2.3. SVA RIPs demonstrate cis effects on HLA and MAPT loci

To elucidate the impact of cis-acting SVA RIPs, we explored which SVA elements had the largest significant effects on genes regulated in cis, including gene upregulation (positive beta value) and downregulation (negative beta value) using beta values from matrix eQTL analysis (FDR p<0.05) (Figure 6). Here, we highlight that SVA_67 largely influences gene regulation in cis of six different genes, including the upregulation of MAPT and LRRC37A4P and downregulation of MAPK8IP1P2, LRRC37A2, LRRC37A, and KANSL1 (Figure 6a). SVA_67 was responsible for the two greatest increases in gene activation of the MAPT and LRRC37A4P genes with beta coefficients of 1384 and 1101, respectively (Figure 6a). Interestingly, six of the ten most positive hits were effects induced on HLA genes by SVA_24, SVA_25, SVA_27 and SVA_88 (Figure 6a). Furthermore, we demonstrate that SVA_73 had the greatest effect out of all cis-regulatory effects with a beta coefficient of -2843 for the gene FCGBP, indicating a large inhibitory effect of FCGBP gene expression (Figure 6b).

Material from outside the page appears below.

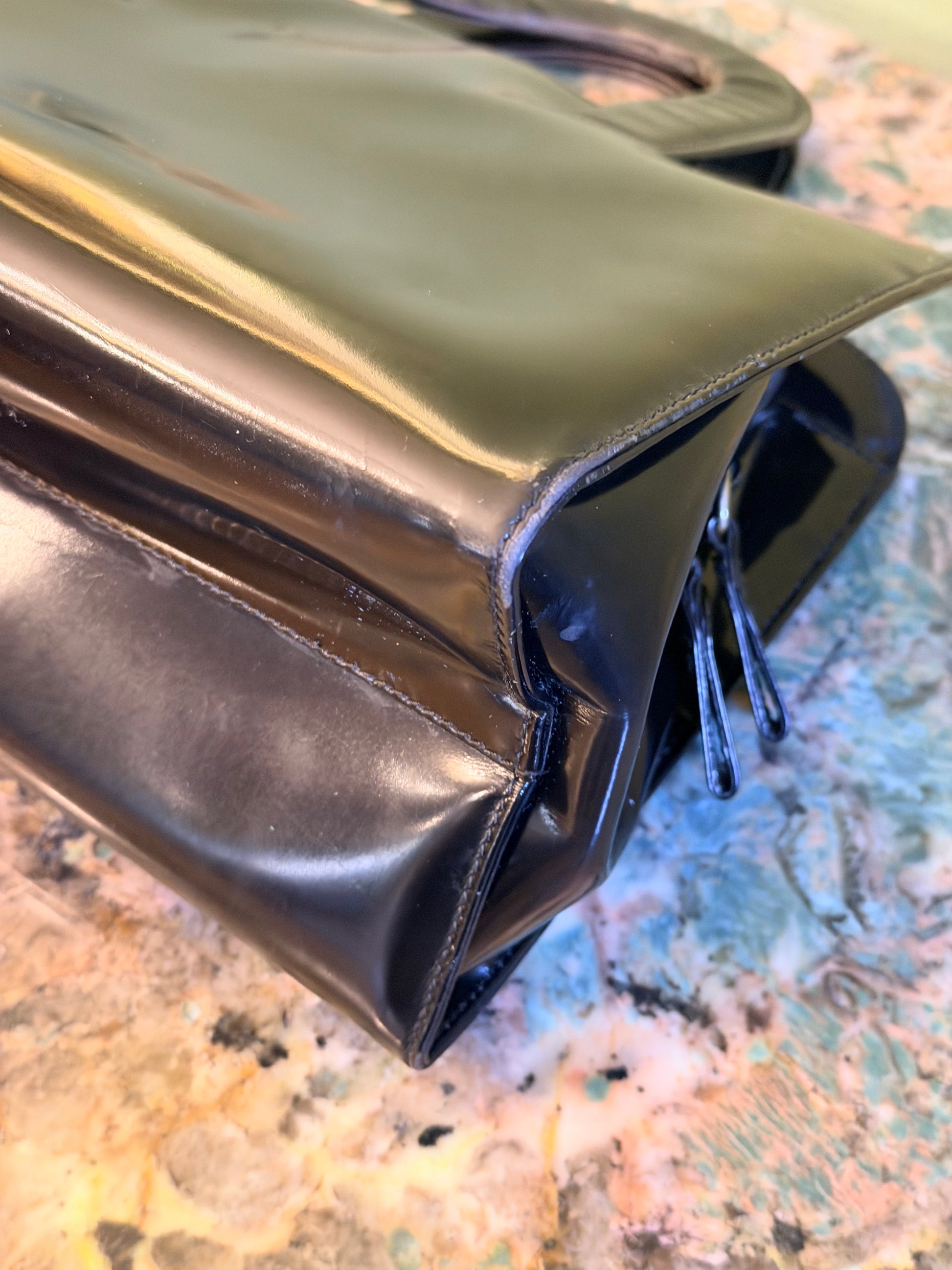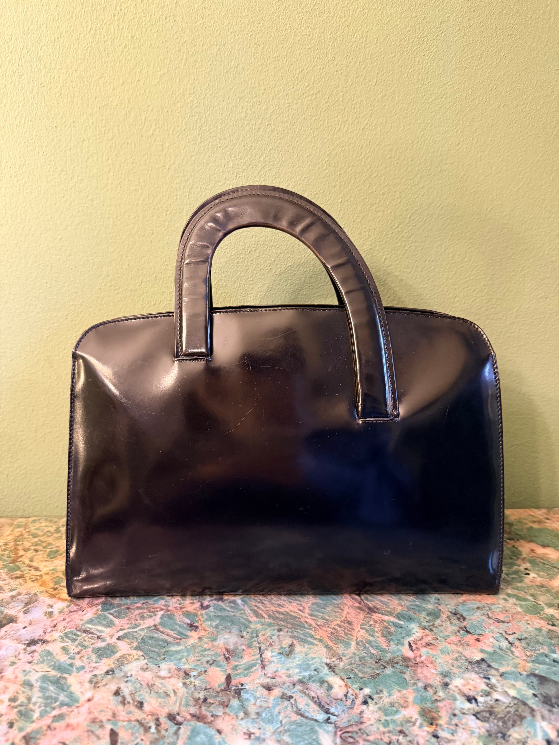 Borsa a mano in pelle spazzolata nera con metalleria argento e chiusura con cerniera

FCGBP gene expression is further repressed by SVA_72, the second highest hit in our analysis for the top ten SVAs with the greatest effect size on gene downregulation (Figure 6b).
To determine the influence of cis-acting SVA RIPs on gene regulation, we next analysed gene expression patterns of the top two hits for the largest effects on gene upregulation and downregulation (Figure S1). The presence of either one (PA) or two (PP) SVA_67 alleles significantly upregulated both LRRC37A4P and MAPT gene expression when tested using the Wilcoxon pairwise comparison with FDR adjusted p-values (FDR p<0.05) (Figure S1a,b). In comparison to individuals homozygous absent for SVA_67, homozygous present and heterozygous individuals displayed a 447.3-fold (p=1.04E-40) and a 214.4-fold (p=2.55E-38) increase in LRRC37A4P expression and a 1.4-fold (p=2.53E-09) and 1.2-fold (p=2.51E-04) increase in MAPT gene expression, respectively (Figure S1a,b). Analysis of the top two hits for the greatest effect on gene downregulation displayed differing gene expression patterns between the influence of SVA_73 and SVA_72 on FCGBP gene expression (Figure S1c,d). When comparing to the complete absence (AA) of SVA_73, the PA and PP genotype groups displayed a significant 3.7-fold (p=3.61E-02) and 10-fold (p=2.61E-03) increase in FCGBP gene expression (Figure S1c). Although our analysis displayed that the presence of SVA_73 upregulates the FCGBP gene in comparison to AA individuals, FCGBP gene expression is significantly repressed by 63% (p=3.29E-08) in the PP genotype group compared to the PA genotype group (Figure S1c). SVA_72 analysis highlighted that homozygous presence of the SVA_72 allele significantly downregulated FCGBP gene expression by 23% (p=5.74E-03) in comparison to homozygous absence (Figure S1d). PP genotype individuals also displayed a significant reduction of 32% (p=1.85E-05) in FCGBP gene expression in comparison to the PA genotype (Figure S1d). Similar to SVA_73 gene expression analysis, individuals heterozygous for SVA_72 indicated a 1.2-fold (p=4.23E-01) increase in FCGBP expression, however statistical significance was not achieved (Figure S1d).
As a recent genome-wide association study (GWAS) reported the association of the HLA locus with ALS risk [31,32], we investigated the influence that SVA RIPs had on cis regulated HLA genes (Figures S2 and S3). This analysis demonstrated that the top ten hits for greatest effect of SVA RIPs regarding upregulation was for HLA genes. We discovered a common gene expression pattern across all HLA genes analysed, demonstrating that individuals homozygous present for SVA RIPs (SVA_24, SVA_25, SVA_27, SVA_88) significantly upregulate HLA genes in comparison to homozygous absent individuals (p<0.01) (Figures S2 and S3).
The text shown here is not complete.